In the present study, an ARIMA model has been selected, in which the best model forecast for future data is given by a parametric model relating the most recent data value to previous data values and previous noise, or residuals in this context. The output summarizes the statistical significance of the terms in the forecasting model. Terms with p-values less than 0.05 are statistically significantly different from zero at the 95.0% confidence level.
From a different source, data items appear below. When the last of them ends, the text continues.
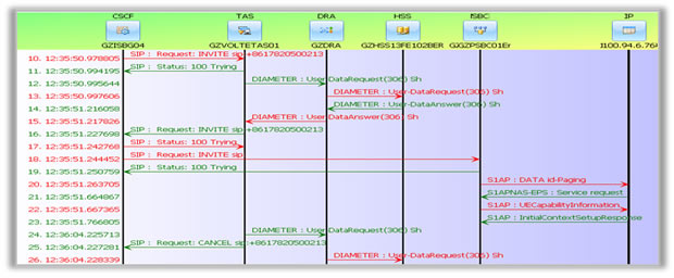 通过监测分析EPC、IMS、2G/3G的全部接口信令和数据,获得用户VoLTE的全协议流程信息和关键指标,快速定位网络中VoLTE的问题环节。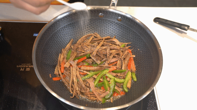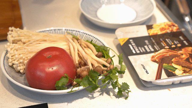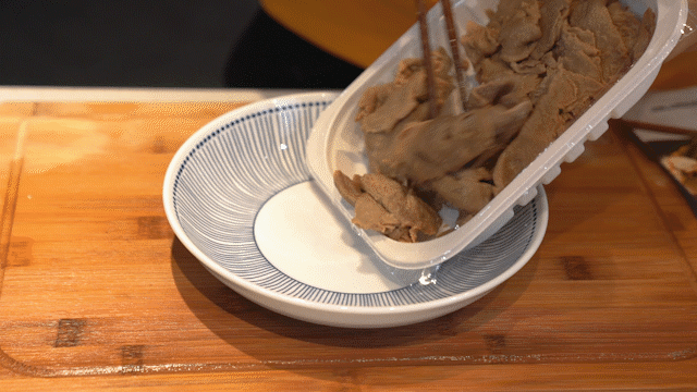 “我在做(菜)的过程中,发现这个新膳肉跟真的肉类,已经非常的接近了。特别是这个‘肥牛’,口感的话,这个素牛肉真的和牛肉完全没什么区别,口感又滑嫩。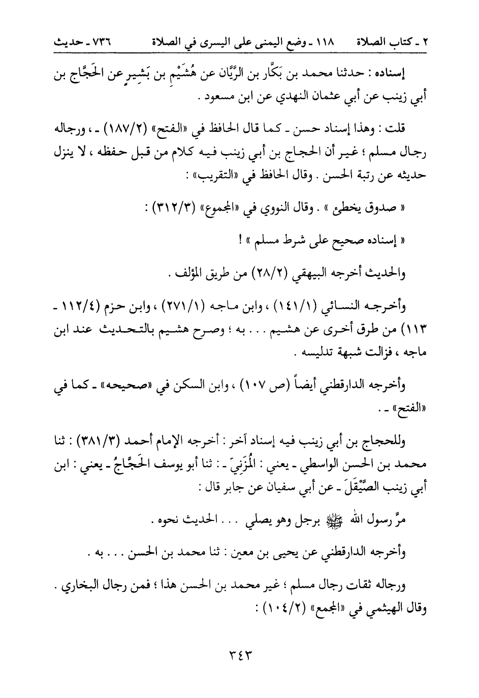 إسناده: حدثنا محمد بن بَكَّار بن الرَئان عن هشَيْمِ بن بَشِيرٍ عن الحَجاج بن

The p-value for the AR(x) or term is less than 0.05, so it is significantly different from 0. The p-value for the MA(x) term is less than 0.05, so it is significantly different from 0. When the trend is increasing, in order to obtain a linearity or central trend, the model also chooses q. The estimated standard deviation of the input white noise depends on the best model that was selected during the simulations performed.
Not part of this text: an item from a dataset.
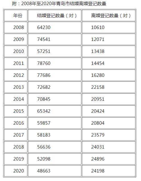 結(jié)婚登記數(shù)量十年連降,降幅達38% 記者從青島市民政局了解到,2021年1月1日至6月30日,青島市結(jié)婚登記數(shù)量為24609對,這一數(shù)量比去年同期略有增多。不過,由于去年上半年疫情原因,對婚姻登記數(shù)量必然會造成一定影響,因此并不具有比較意義。而去年全年青島市結(jié)婚登記數(shù)量為48663對,從2011年以來已連續(xù)十年下降。

According to the current literature, this would be the first study of such a manner. Therefore, the idea of a cluster of nations, and the rate of the spread between them is novel. This adds to the fact that this is the first study to address the situation of the most affected nations globally. In the present study the current situation of the COVID-19 pandemic in Ukraine, Romania, the Republic of Moldova, Serbia, Bulgaria, Hungary, USA, Brazil, and India was presented, and the ongoing trend and extent of the outbreak were estimated by the ARIMA model. According to our best of knowledge, this study is the first of its kind to implement ARIMA models to predict the prevalence of COVID-19 in such a manner.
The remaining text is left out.